Vinburnine is a nutritional product, a peripheral vasodilator with cerebral activities that also act as a cerebral metabolic stimulant and appears to be able to relax the smooth muscle cells within the walls of blood vessels. (+/-)-Eburnamonine is the racemate of the alkaloid Vinburnine. Dextrorotatory, levorotatory, and racemic forms of eburnamonine exist in nature. The (-)-form, also known as vincamone (isolated from Vinca minor), is a drug that possesses a stimulating activity for muscle and is used as cerebrotonic, whereas both enantiomers have hypotensive effects.
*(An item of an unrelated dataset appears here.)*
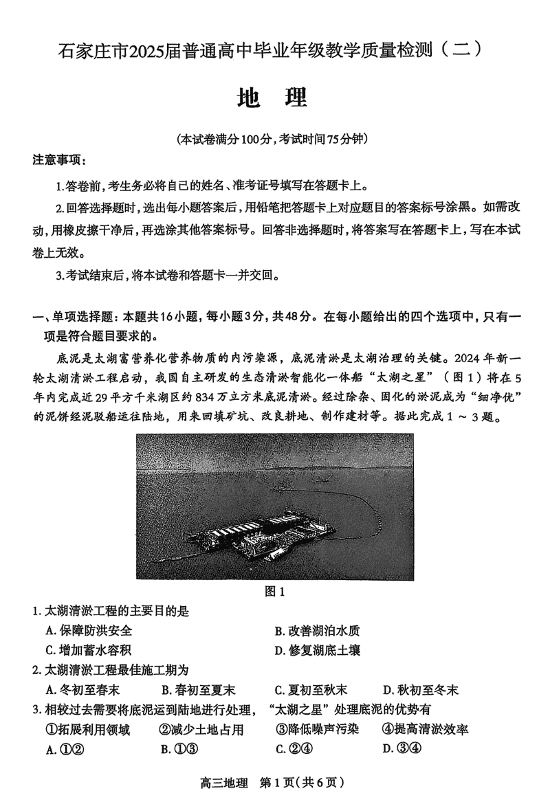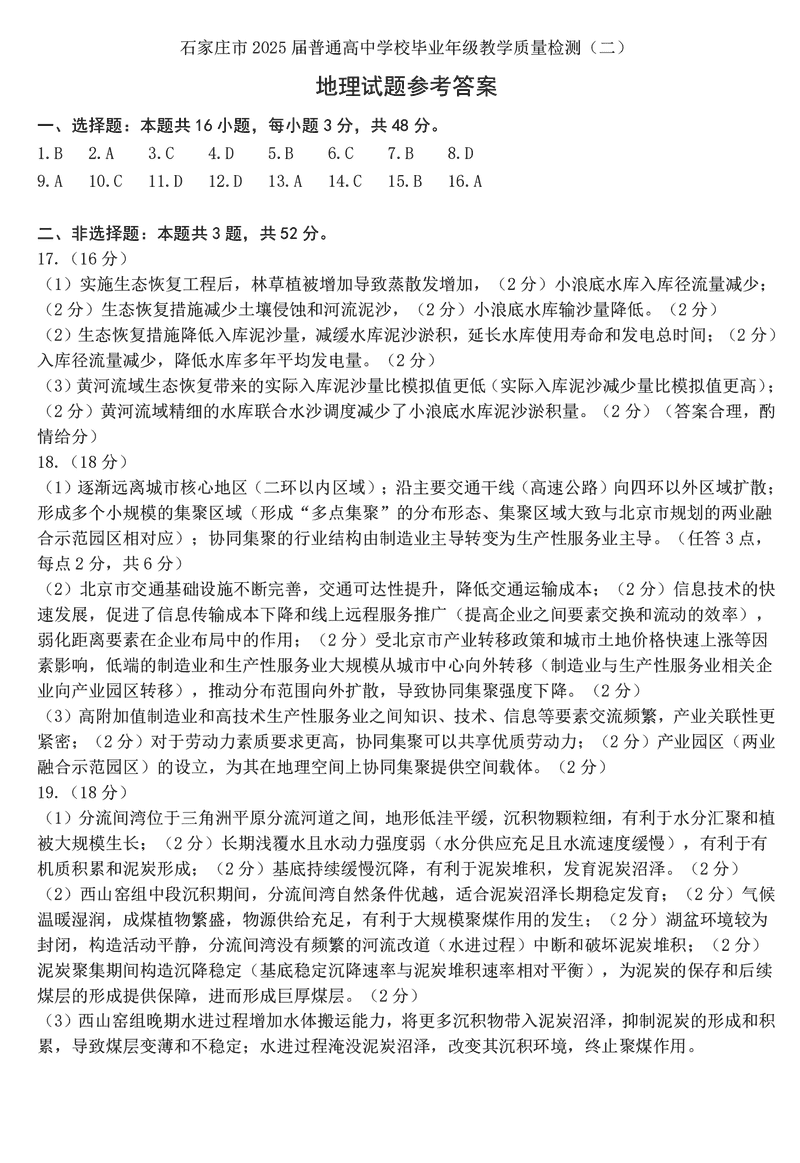 2025届石家庄市高三质检(二)地理试题及答案

Etifoxine (etafenoxine, StresamⓇ) is a non-benzodiazepine anxiolytic with an anticonvulsant effect. It was developed in the 1960s for anxiety disorders and is currently being studied for its ability to promote peripheral nerve healing and to treat chemotherapy-induced pain. In addition to being mediated by GABA-A2 receptors like benzodiazepines, etifoxine appears to produce anxiolytic effects directly by binding to 2 or 3 subunits of the GABAA receptor complex. It also modulates GABAA receptors indirectly via stimulation of neurosteroid production after etifoxine binds to the 18 kDa translocator protein (TSPO) of the outer mitochondrial membrane in the central and peripheral nervous systems, previously known as the peripheral benzodiazepine receptor (PBR). Therefore, the effects of etifoxine are not completely reversed by the benzodiazepine antagonist flumazenil. Etifoxine is used for various emotional and bodily reactions followed by anxiety. It is contraindicated in situations such as shock, severely impaired liver or kidney function, and severe respiratory failure. The average dosage is 150 mg per day for no more than 12 weeks. The most common adverse effect is drowsiness at the initial stage. It does not usually cause any withdrawal syndromes. In conclusion, etifoxine shows less adverse effects of anterograde amnesia, sedation, impaired psychomotor performance, and withdrawal syndromes than those of benzodiazepines.